▸ **WORK INSTRUCTION**: Using the data that follows, give again word for word the lines between the one holding "Støvring life’s tree" and the one holding "羽(6画)田(5画)野(11画) 隆(12画)之(3画)佑(7画)", inclusive. Omit the pictures.

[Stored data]
--------

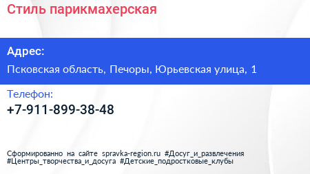 Стиль, парикмахерская по адресу Псковская область, Печоры, Юрьевская улица, 1 в дальнейшем Организация, размещена в следующих категориях:
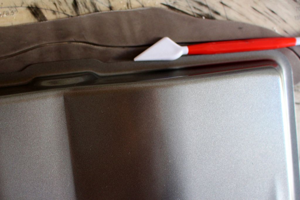 3.) The decoration: Knead the white fondant until soft and roll out very thin so it will cover the entire cake. If it’s sticky, use starch (not icing sugar). Carefully cover the cake with the fondant and smooth it out with clean hands. Cut off excess fondant. Now use the back end of a fork or spoon to mould page-like lines to the sites of the cake.
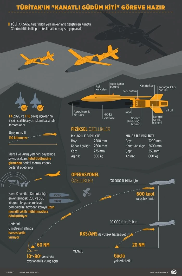 Mevcut güdümsüz 1000 lb'lik MK-83 ve 500 lb'lik MK-82 genel maksat bombalarını havadan karaya atılan uzun menzilli akıllı mühimmata çeviren KGK'nın üretim faaliyetleri başta Kale Grubu olmak üzere birçok savunma sanayisi kuruluşu ile birlikte yürütüldü. TÜBİTAK SAGE, bu üretimlerde rol alan alt yükleniciler ile savunma sanayisinin gelişmesine katkıda bulundu.
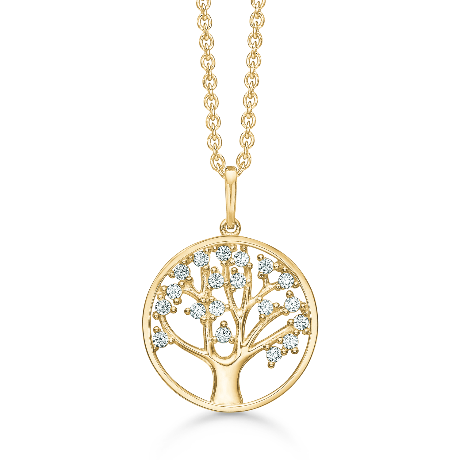 Støvring life’s tree Guldhalsband 14 karat med Zirconia 42-45 cm Life’s tree Halsband i guld, från danska Støvring. Själva kedjan är i silver, pläterad med 14 karats guld. Hänget är i 14 karat guld och belagt med vackra Zirconia stenar. Halsbandet har en längd på 42-45 cm.
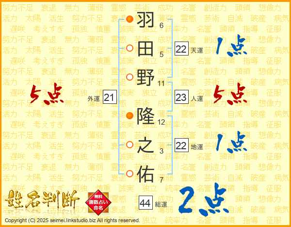 羽(6画)田(5画)野(11画) 隆(12画)之(3画)佑(7画)
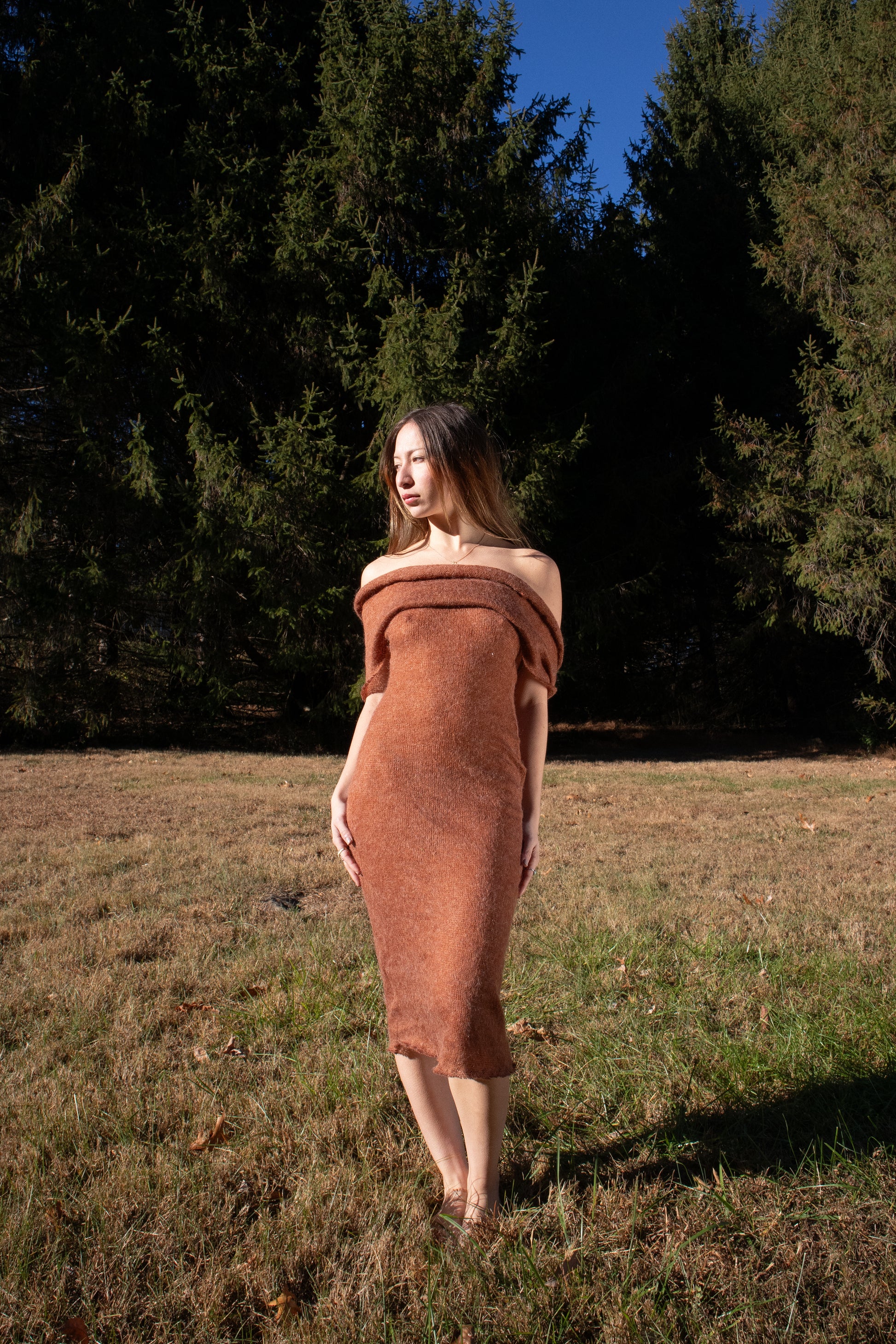 A strapless midi length dress, composed of imported Italian wool. The Cinnamon dress features an attached shall to give a double layer at the bust. You have many options to play around with wearing the shall, as pictured. An elastic band sewn at the bust, ensures no slipping and a comfortable fit throughout your wear.

--------

▸ **RESULT OF THIS EXERCISE**:
 Støvring life’s tree Guldhalsband 14 karat med Zirconia 42-45 cm Life’s tree Halsband i guld, från danska Støvring. Själva kedjan är i silver, pläterad med 14 karats guld. Hänget är i 14 karat guld och belagt med vackra Zirconia stenar. Halsbandet har en längd på 42-45 cm.
 羽(6画)田(5画)野(11画) 隆(12画)之(3画)佑(7画)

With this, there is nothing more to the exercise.